Problem to solve:
Extract only the lines from the start of the entries below to the line with "El alumno quedará", inclusive; omit every picture.

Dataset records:
- - - -

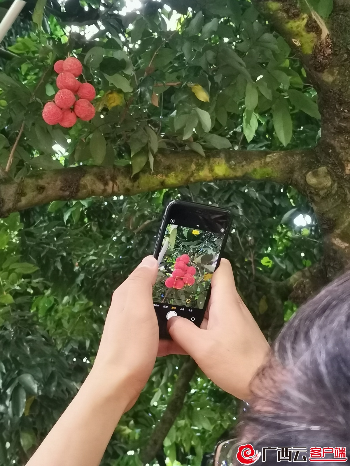 在灵山百年荔枝(核心)示范区,有两棵有着800多年荔枝树王,满树的荔枝圧弯了枝桠。网络名人们在示范区,被800多年荔枝树王吸引驻足,他们掏出装备或自拍或拍短视频或现场直播,名人秒变粉丝。
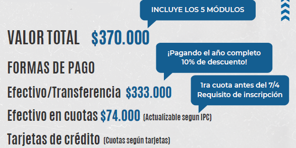 El alumno quedará formalmente inscripto con el pago de la primera cuota antes del 7/4.
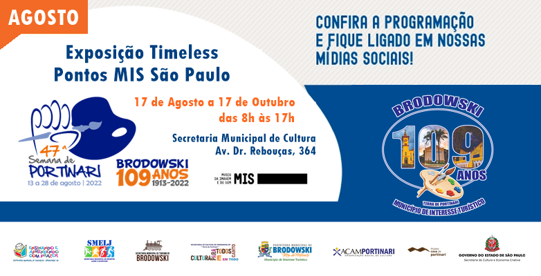 Com entrada gratuita, a exposição traz imagens do fotógrafo Marcelo Tinoco – revelado em 2012 pelo programa Nova Fotografia do Museu da Imagem e do Som. A partir de 17 de agosto, o município de Brodowski recebe a exposição Timeless, por meio do Pontos MIS, programa do Museu da Imagem e do Som (instituição da Secretaria de Cultura e Economia Criativa de São Paulo) para formação e difusão cultural no Estado. Com entrada gratuita, a mostra do fotógrafo Marcelo Tinoco poderá ser visitada, até 17 de outubro, na Secretaria Municipal de Cultura – Cine Clube Cândido Portinari.
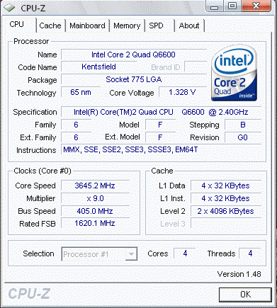 Результат разгона Intel Core 2 Quad (Kentsfield)
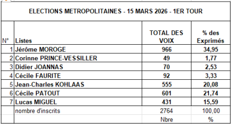 🗳️Résultats – 1er tour des Élections métropolitain...
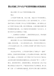 国企通过强化党组织领导作用,优化决策流程,激发员工积极性,促进党建与生产经营深度融合,实现共同发展。下面是网友整理编辑的国企党建工作与生产经营深度融合经验做法相关范文,供大家参考学习,喜欢就下载支持!

- - - -

Result of the exercise:
 在灵山百年荔枝(核心)示范区,有两棵有着800多年荔枝树王,满树的荔枝圧弯了枝桠。网络名人们在示范区,被800多年荔枝树王吸引驻足,他们掏出装备或自拍或拍短视频或现场直播,名人秒变粉丝。
 El alumno quedará formalmente inscripto con el pago de la primera cuota antes del 7/4.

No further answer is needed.